ていうか、今のに泣く要素ある!? あと、あんな複雑な話書けるのに、なんでリアルのあんたはそんなに純粋で単純なのよ!!
「あくあ君、嬉しそう。良かったね、良かったね……!」
ちょっと!? けいとのせいで、ういまで涙ぐんでるじゃない!?
って、もしかしてこれ、泣いてない私がおかしいのかな……?
いや、絶対にそんな事はないはずだ。お願いだから誰か私は間違ってないと言って欲しい。

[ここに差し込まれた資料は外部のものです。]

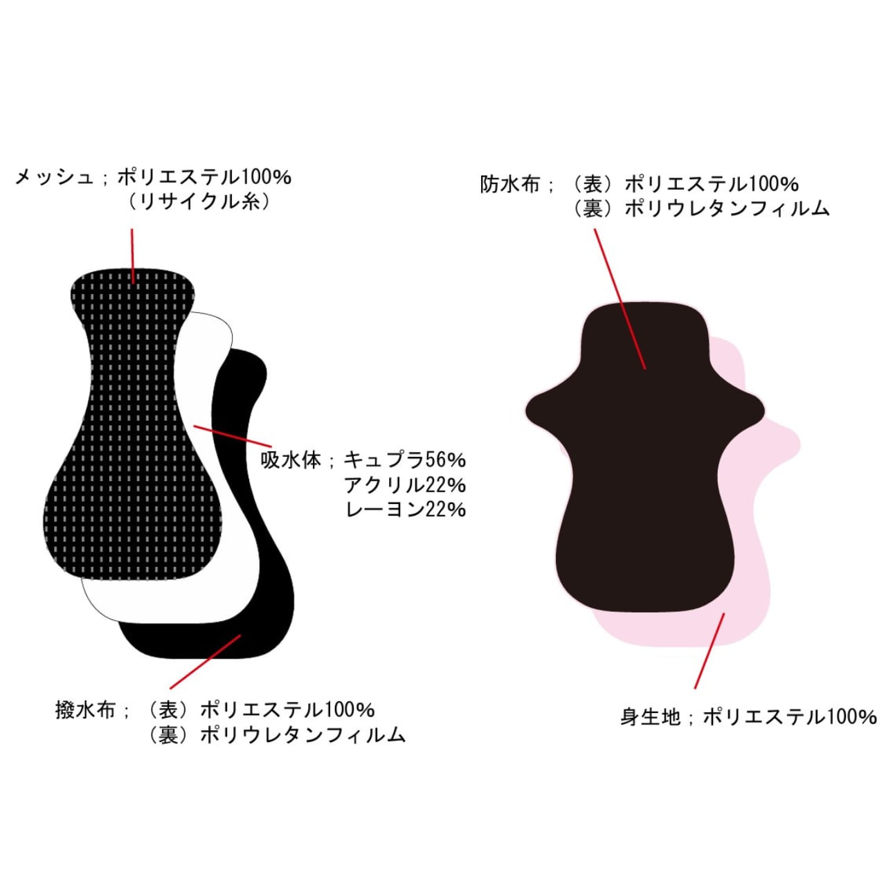 ※洗濯直後、パッド中央部の吸水体部分の生地が中央からズレることがあります。これは使用中のモレを防ぐための構造による仕様です。

『え、えーと、そろそろ次に行っていいかな? あっ、本日の秘書を担当させていただく月街アヤナです。よろしくお願いします』
あっ、アヤナちゃんだ! 可愛い!!
『先ほど小雛先輩にネタバレされたけど、実は秘書もローテーション制になってます。カノンさんとか、えみりさんとか、らぴすちゃんとか……が次回の候補らしいですよ』
『ちょっと待った!!』
え? またここでストップがかかるの?
今度は誰って一瞬だけ思ったけど、声だけで誰かわかった。
『ここに国営放送のアナウンサーがいるのに、そういう話を一度も聞いてないんですけど!? 普通、室長の隣にいる美人秘書系の枠は私のような落ち着いた美人アナウンサーって相場が決まってるじゃないですか!!』
あっ、森川さんだ……。
森川さんも、あくあ君と色違いで【かえで】と書かれたワッペンのついた緑色のジャージを着ていた。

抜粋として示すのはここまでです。